Information shown ->

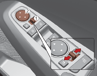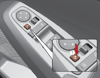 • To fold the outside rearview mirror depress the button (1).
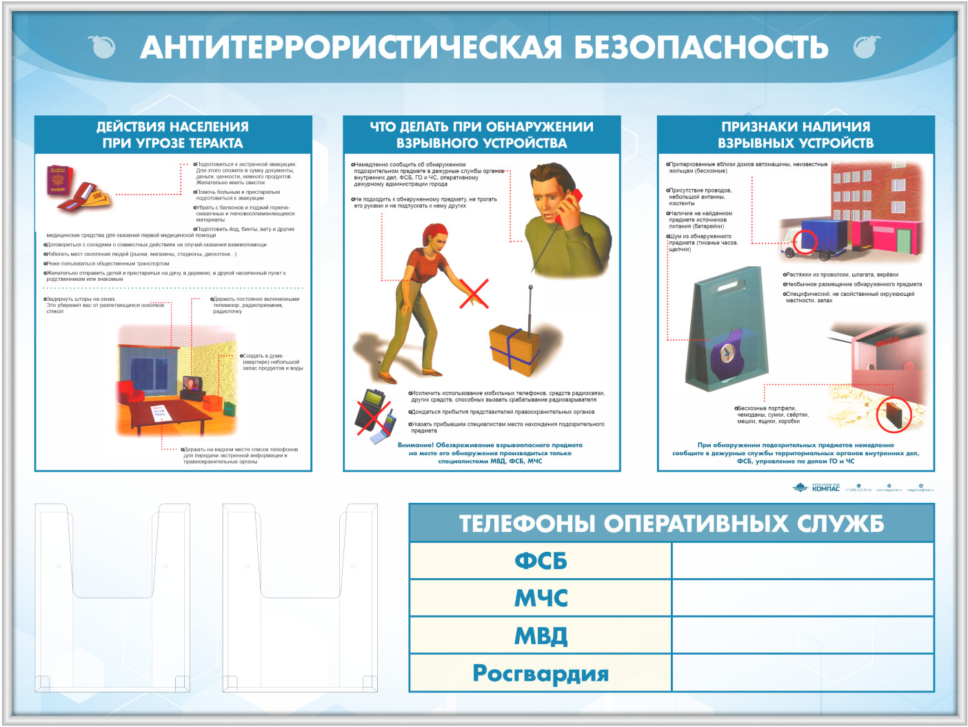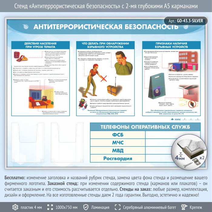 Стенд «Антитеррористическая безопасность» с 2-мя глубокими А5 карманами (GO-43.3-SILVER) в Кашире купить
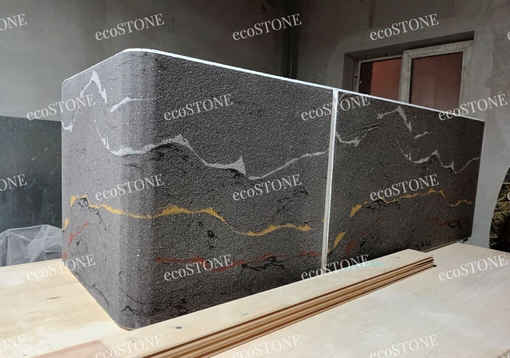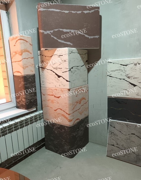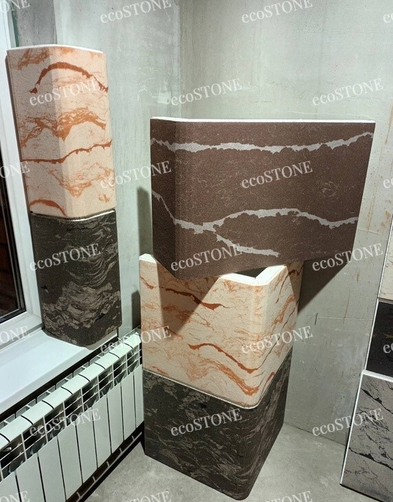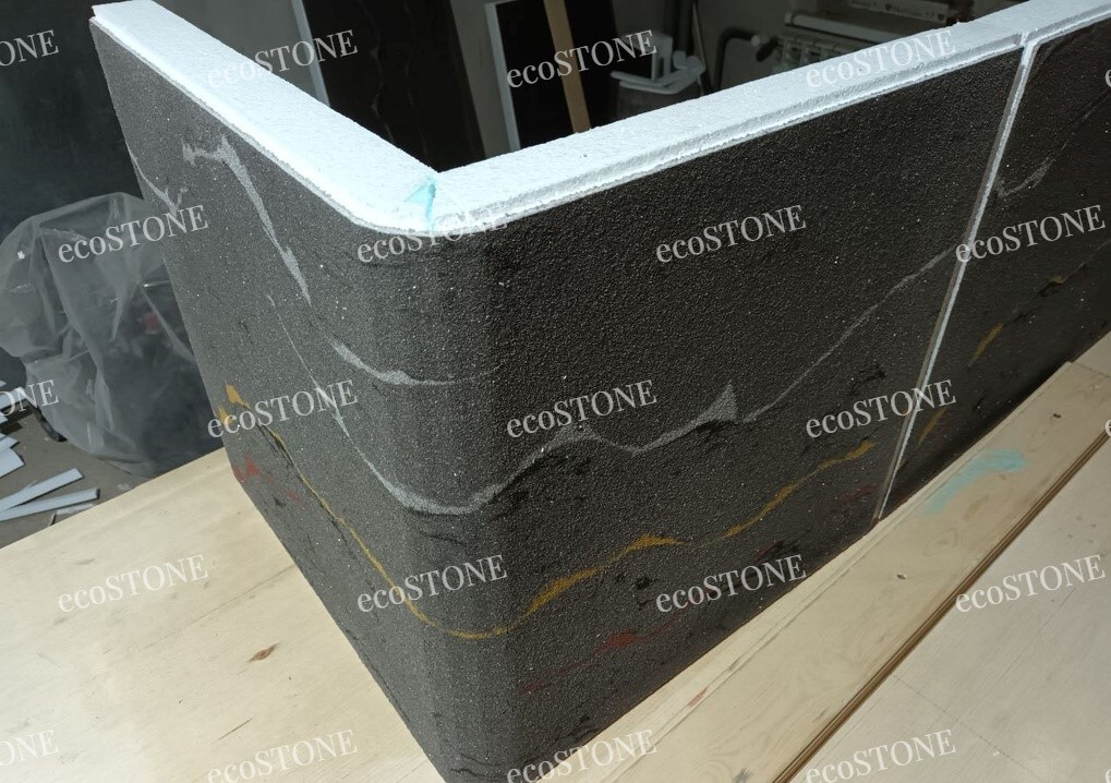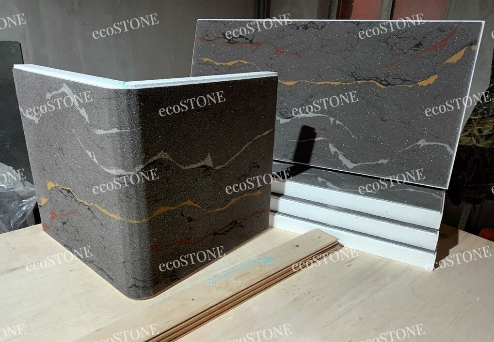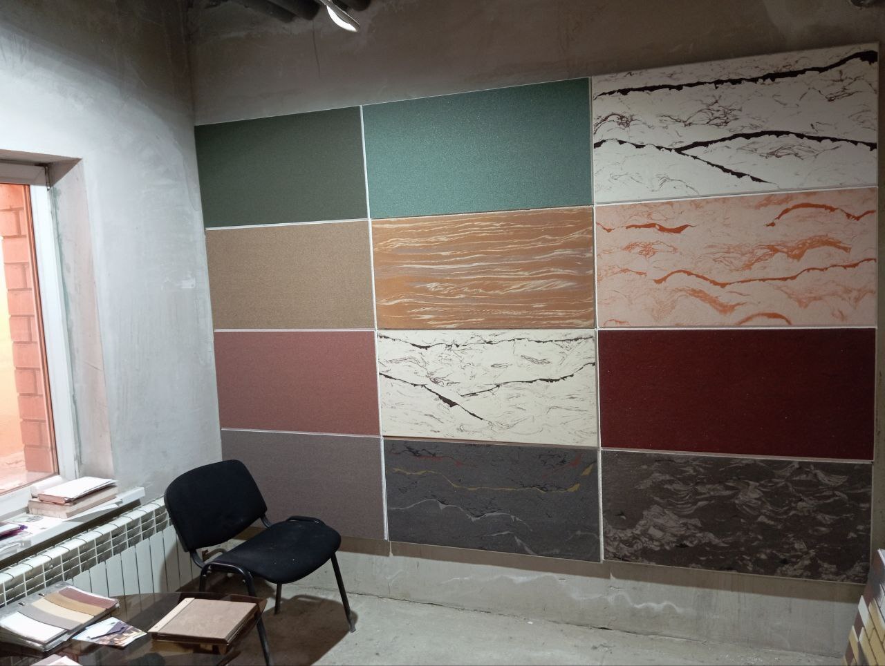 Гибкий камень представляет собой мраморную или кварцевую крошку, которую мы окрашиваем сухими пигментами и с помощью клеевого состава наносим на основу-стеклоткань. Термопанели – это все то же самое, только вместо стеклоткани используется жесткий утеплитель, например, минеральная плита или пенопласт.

Your goal ->
Restate the data above word for word, so that the only difference is the missing pictures.

Task response ->
 • To fold the outside rearview mirror depress the button (1).
 Стенд «Антитеррористическая безопасность» с 2-мя глубокими А5 карманами (GO-43.3-SILVER) в Кашире купить
 Гибкий камень представляет собой мраморную или кварцевую крошку, которую мы окрашиваем сухими пигментами и с помощью клеевого состава наносим на основу-стеклоткань. Термопанели – это все то же самое, только вместо стеклоткани используется жесткий утеплитель, например, минеральная плита или пенопласт.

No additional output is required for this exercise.